TASK OBJECTIVE → Given the material below, return only the lines starting at the line with "Prefeitura de Bebedouro" and ending at the line with "A felmérésben résztvevők", exactly as they appear.

DATA SUPPLIED →
· · ·

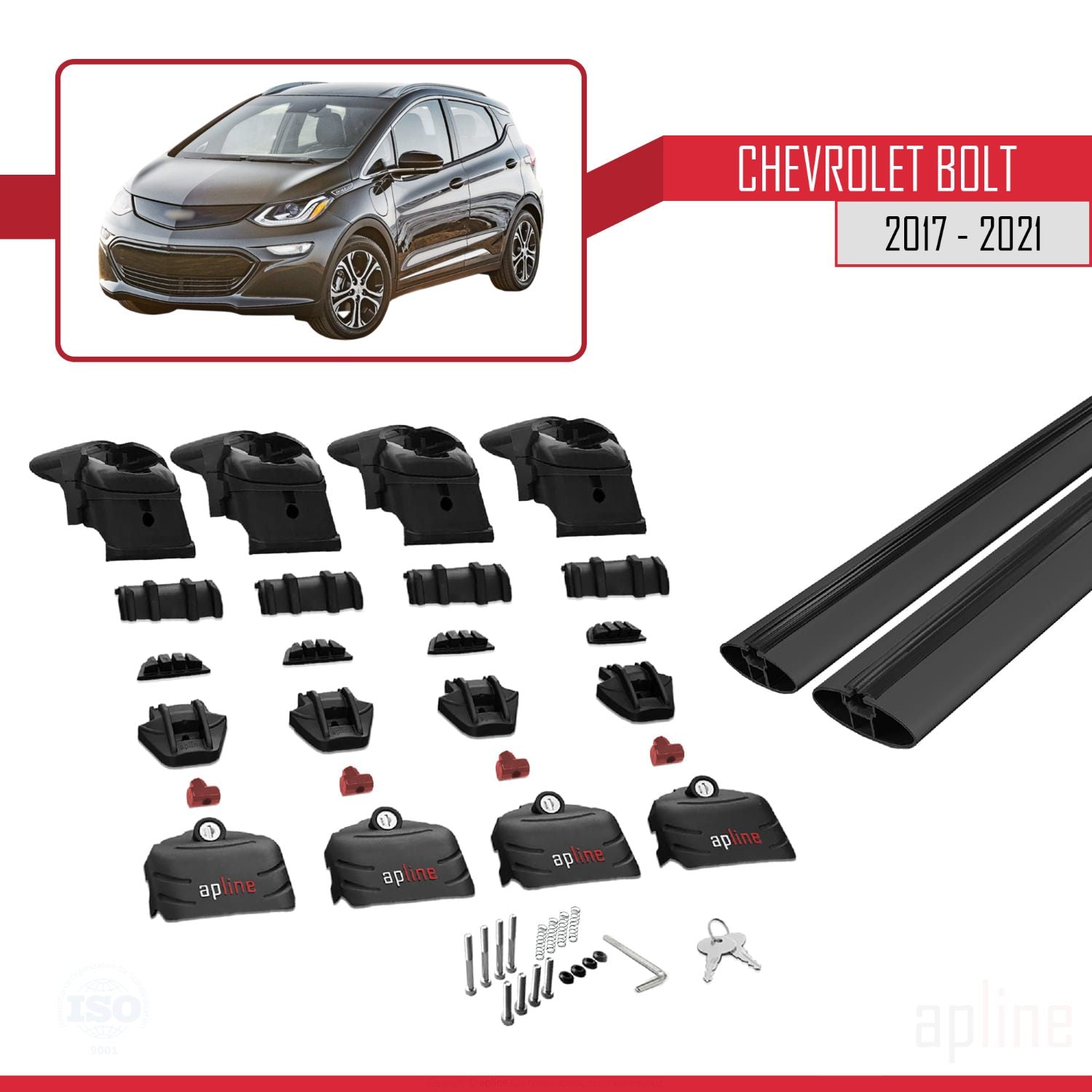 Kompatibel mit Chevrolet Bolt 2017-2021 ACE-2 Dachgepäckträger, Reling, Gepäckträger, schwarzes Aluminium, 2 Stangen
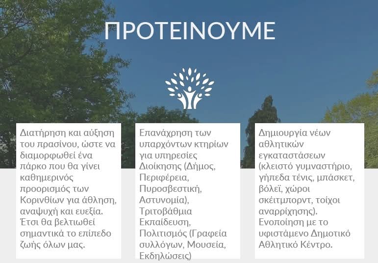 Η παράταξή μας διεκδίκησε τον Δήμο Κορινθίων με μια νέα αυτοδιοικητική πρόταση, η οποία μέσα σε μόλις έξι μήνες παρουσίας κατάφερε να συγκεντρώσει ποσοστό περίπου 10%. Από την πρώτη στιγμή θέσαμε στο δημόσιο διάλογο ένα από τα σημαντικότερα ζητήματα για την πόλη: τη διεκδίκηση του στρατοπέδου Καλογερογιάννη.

· · ·

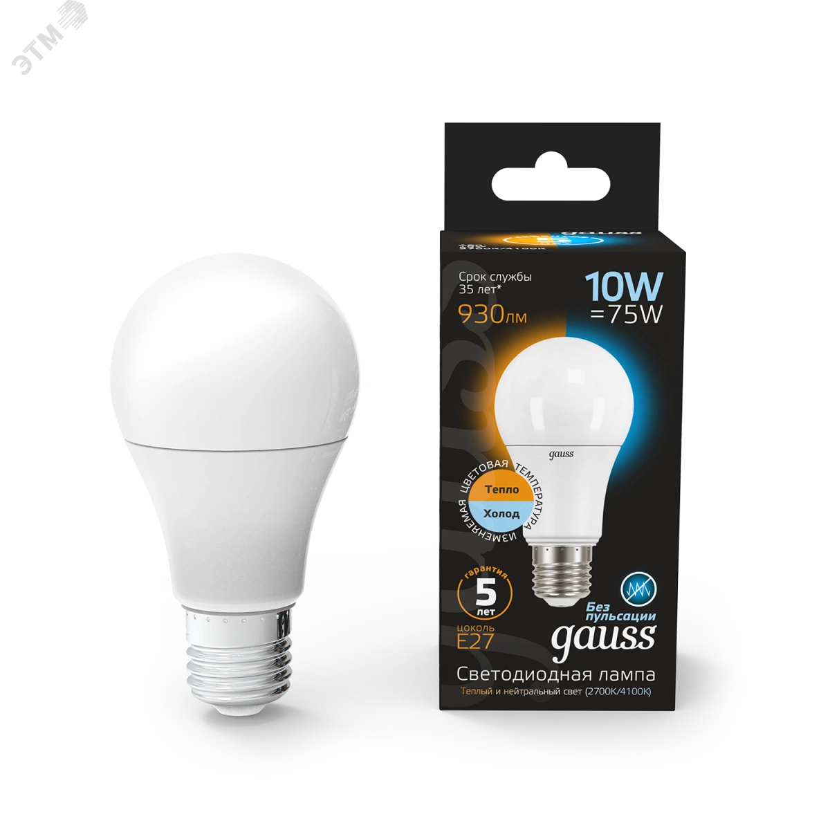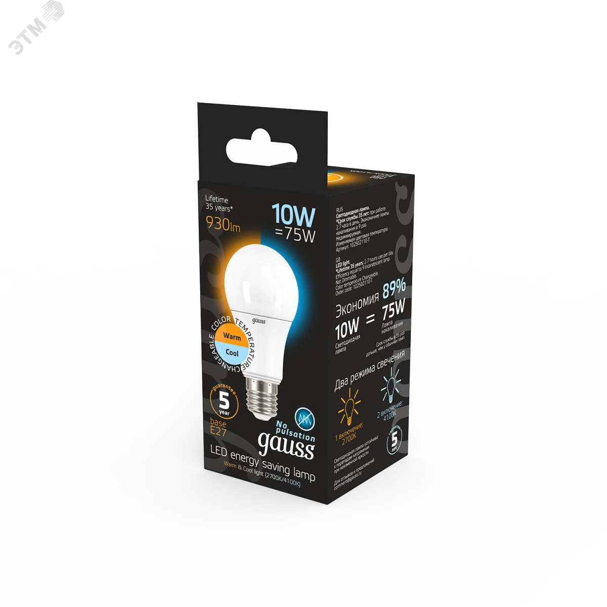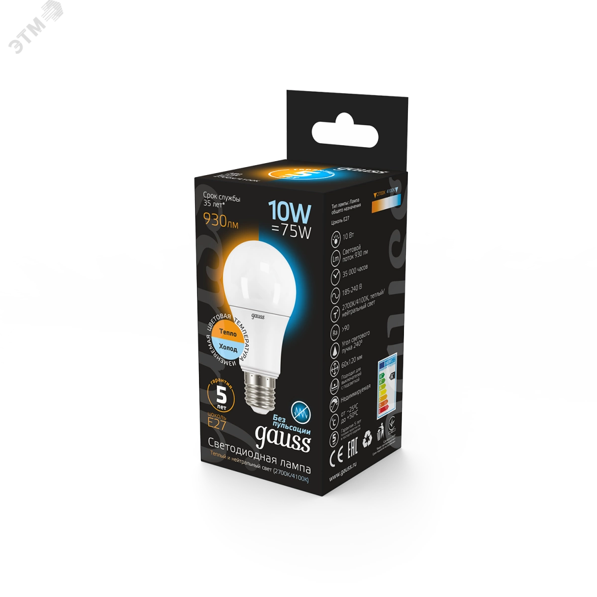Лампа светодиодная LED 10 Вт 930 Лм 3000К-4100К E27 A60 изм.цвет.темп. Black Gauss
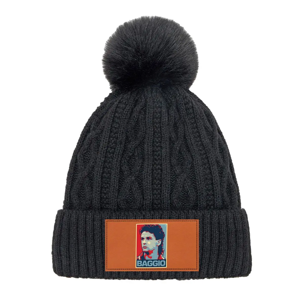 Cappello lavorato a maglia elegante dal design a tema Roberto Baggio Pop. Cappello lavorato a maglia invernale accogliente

· · ·

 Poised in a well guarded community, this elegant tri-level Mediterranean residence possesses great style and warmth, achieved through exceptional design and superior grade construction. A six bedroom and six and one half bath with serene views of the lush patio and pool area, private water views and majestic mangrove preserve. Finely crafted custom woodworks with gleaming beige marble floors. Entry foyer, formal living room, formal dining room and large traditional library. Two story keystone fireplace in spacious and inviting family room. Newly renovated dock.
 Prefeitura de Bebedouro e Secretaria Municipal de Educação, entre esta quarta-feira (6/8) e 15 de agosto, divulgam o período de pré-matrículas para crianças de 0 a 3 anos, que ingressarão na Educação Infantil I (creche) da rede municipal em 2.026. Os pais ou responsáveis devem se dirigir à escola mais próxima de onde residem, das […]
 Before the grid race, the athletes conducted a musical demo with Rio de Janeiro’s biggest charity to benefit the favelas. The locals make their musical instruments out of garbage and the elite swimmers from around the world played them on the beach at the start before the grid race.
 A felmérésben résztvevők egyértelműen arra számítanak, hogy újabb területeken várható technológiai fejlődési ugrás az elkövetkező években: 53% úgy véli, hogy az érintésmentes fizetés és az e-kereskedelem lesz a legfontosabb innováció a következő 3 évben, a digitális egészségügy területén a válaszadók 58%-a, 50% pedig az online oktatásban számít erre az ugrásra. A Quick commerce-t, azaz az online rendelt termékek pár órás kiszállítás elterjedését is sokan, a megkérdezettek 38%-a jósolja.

· · ·

RESPONSE →
 Prefeitura de Bebedouro e Secretaria Municipal de Educação, entre esta quarta-feira (6/8) e 15 de agosto, divulgam o período de pré-matrículas para crianças de 0 a 3 anos, que ingressarão na Educação Infantil I (creche) da rede municipal em 2.026. Os pais ou responsáveis devem se dirigir à escola mais próxima de onde residem, das […]
 Before the grid race, the athletes conducted a musical demo with Rio de Janeiro’s biggest charity to benefit the favelas. The locals make their musical instruments out of garbage and the elite swimmers from around the world played them on the beach at the start before the grid race.
 A felmérésben résztvevők egyértelműen arra számítanak, hogy újabb területeken várható technológiai fejlődési ugrás az elkövetkező években: 53% úgy véli, hogy az érintésmentes fizetés és az e-kereskedelem lesz a legfontosabb innováció a következő 3 évben, a digitális egészségügy területén a válaszadók 58%-a, 50% pedig az online oktatásban számít erre az ugrásra. A Quick commerce-t, azaz az online rendelt termékek pár órás kiszállítás elterjedését is sokan, a megkérdezettek 38%-a jósolja.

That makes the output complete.